Are there any resources we can point people to trying to make more sense of the data ownership issue? (Similar problem arises in software where the trickiest part isn't what license to choose but whether it's up to you at all -- I tried to point people to check with their institution; though that feels a bit like a cop-out...)

yeah, good point on 'scientific', I'm usually better about avoiding that. (I guess there's no risk about 'data repository' being confused with non-academic data hosting / dropbox etc, right?)

Also very good point about the division of 'pubs' & 'non-pubs'; subject/content specific and general is probably a better division. Though since there's so many ways to skin the cat, maybe it's better to just highlight the various axes of differentiation without trying to draw specific groups? general/specific, post-publication only / agnostic to publication, and perhaps fee-charging / free? Guess there's always other things to consider too (available metadata, recognition identifier, indexing, clearly that's a rabbit hole we're not ready to go down here though).

Yeah, didn't mean to indicate that publishers should be the definitive source, just trying to be concise. Was originally going to point to the databib list on DataCite website, but to be honest the embedded google doc is far less accessible than the more discoursive doesn't seem to have all DataCite DOI repos (zenodo?)

Is dx.doi.org still the preferred over doi.org then? Didn't realize -- will fix!

strasser commented 9 years ago

Are there any resources we can point people to trying to make more sense of the data ownership issue?

Alas, it's about the same as software... in theory people should check with their institutions first and foremost, but in practice I encourage people to go ahead and slap as liberal a license as possible on their data, and follow the "ask forgiveness not permission" adage.

yeah, good point on 'scientific', I'm usually better about avoiding that. (I guess there's no risk about 'data repository' being confused with non-academic data hosting / dropbox etc, right?)

I would hope that there's no risk of confusion there, but maybe using the word "preservation" somewhere would help distinguish.

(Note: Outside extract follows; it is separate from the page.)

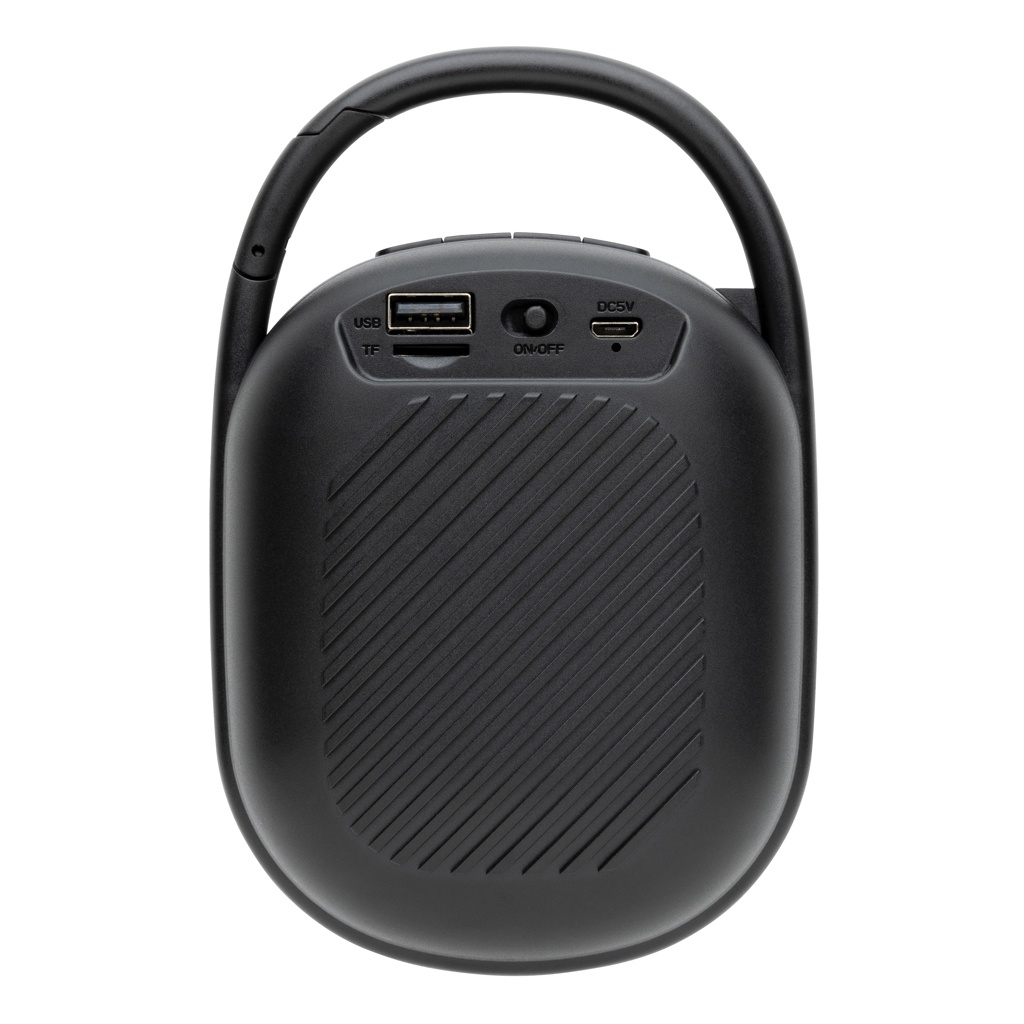 Kaasaskantav, kuid võimas 5W kõlar integreeritud RGB valgusrõngaga. Valmistatud 100% RCS-standardi taaskasutatud ABS-plastist korpusega. Taaskasutatud kogusisaldus: 36% eseme kogukaalust. 1200 mAh liitiumakuga, mis võimaldab mängida kuni 6 tundi. Laadimine toimub 4 tunni jooksul. Integreeritud MIC-iga kõnedele vastamiseks. Integreeritud TF-pesa ja USB-pordiga. Kaasas BT 5.0 sujuvaks tööks kuni 10 meetri kaugusel. Klambriga kõlari kinnitamiseks seljakoti või mõne muu eseme külge. Kaasa arvatud PVC-vaba ringlussevõetud TPE materjalist laadimiskaabel. ; Toode ja tarvikud 100% PVC-vaba. Pakitud FSC segupakendisse.

Also very good point about the division of 'pubs' & 'non-pubs'; subject/content specific and general is probably a better division. Though since there's so many ways to skin the cat, maybe it's better to just highlight the various axes of differentiation without trying to draw specific groups? general/specific, post-publication only / agnostic to publication, and perhaps fee-charging / free? Guess there's always other things to consider too (available metadata, recognition identifier, indexing, clearly that's a rabbit hole we're not ready to go down here though).

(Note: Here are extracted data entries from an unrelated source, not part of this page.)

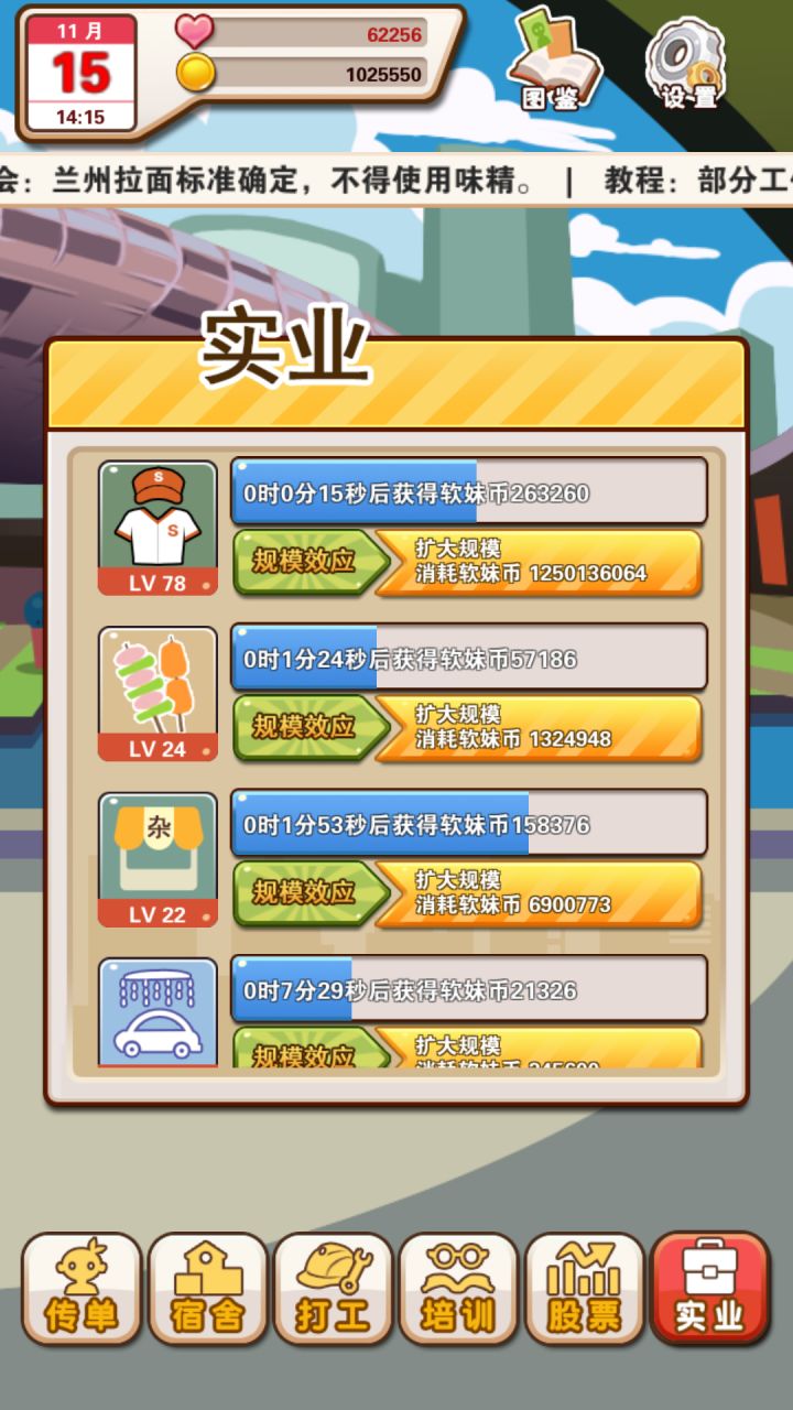 发传单那个功能无聊而且没用 我就刚开始发了一点 就前面几个人物有用 后面都是废话 你们可以改成每解锁一个人物加一点工资 实体店多加钱啊 宿舍股市的 要不然谁发传单 那这个功能有什么用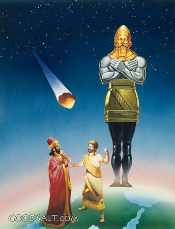Daniel Interprets King Nebuchadnezzar's Dream Daniel 2:31-34 rock, head, bronze, iron, silver, statue, interpretation, king, dream, daniel, nebuchadnezzar, chest, herber pintos, iron legs, miry clay feet, thighs, pacific press publishing PROJECTION - License for PowerPoint™ PRINT – buy a print of this picture; optional frame Bible Hub |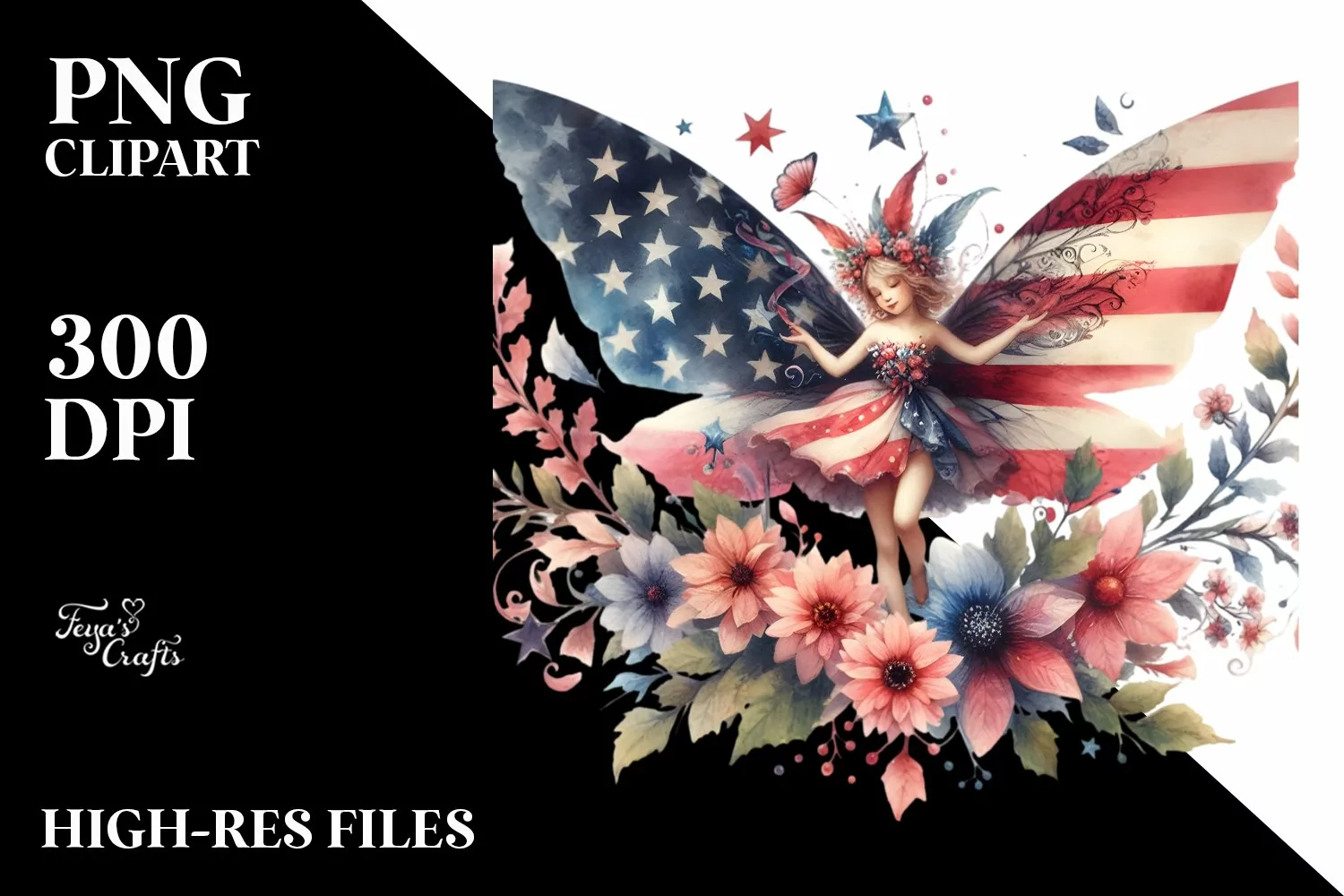Vintage Fairy in USA Flag Colors | Sublimation Clipart example image 1

I think it's a great idea to just highlight the axes. Certainly the pub/non-pub dichotomy is something that gets discussed, so no reason to leave it out. Maybe just include those other axes in your discussion. Axes I think are important:

general / specific
post-publication / agnostic
institution / non-institution (e.g., commercially owned)
free / not free
discipline-specific / agnostic
open to anyone / not

Yeah, didn't mean to indicate that publishers should be the definitive source, just trying to be concise. Was originally going to point to the databib list on DataCite website, but to be honest the embedded google doc is far less accessible than the more discoursive doesn't seem to have all DataCite DOI repos (zenodo?)

Agree - I think the DataCite / databib list isn't quite up to snuff yet. Maybe keep the reference to nature scientific data, but also mention re3data and perhaps checking for institutional repositories?

Is dx.doi.org still the preferred over doi.org then? Didn't realize -- will fix!

dx.doi.org has the advantage of a nice search box where you can plop your DOI and get immediate access to the object. doi.org is more of an informational website.

swcarpentry / DEPRECATED-bc

revisions to the open science lesson plan #851

L18 I commented out the opening quote and explained my reason for doing so. Similarly my reason for removing the opening story/vignette

L43 Should I have some disclaimer explaining the focus of the lesson is more on the how than the why?

L168 Mention gitlab?

L186 Should I introduce the open data section more explicitly (e.g. again focus is on how, more than why), or just jump in?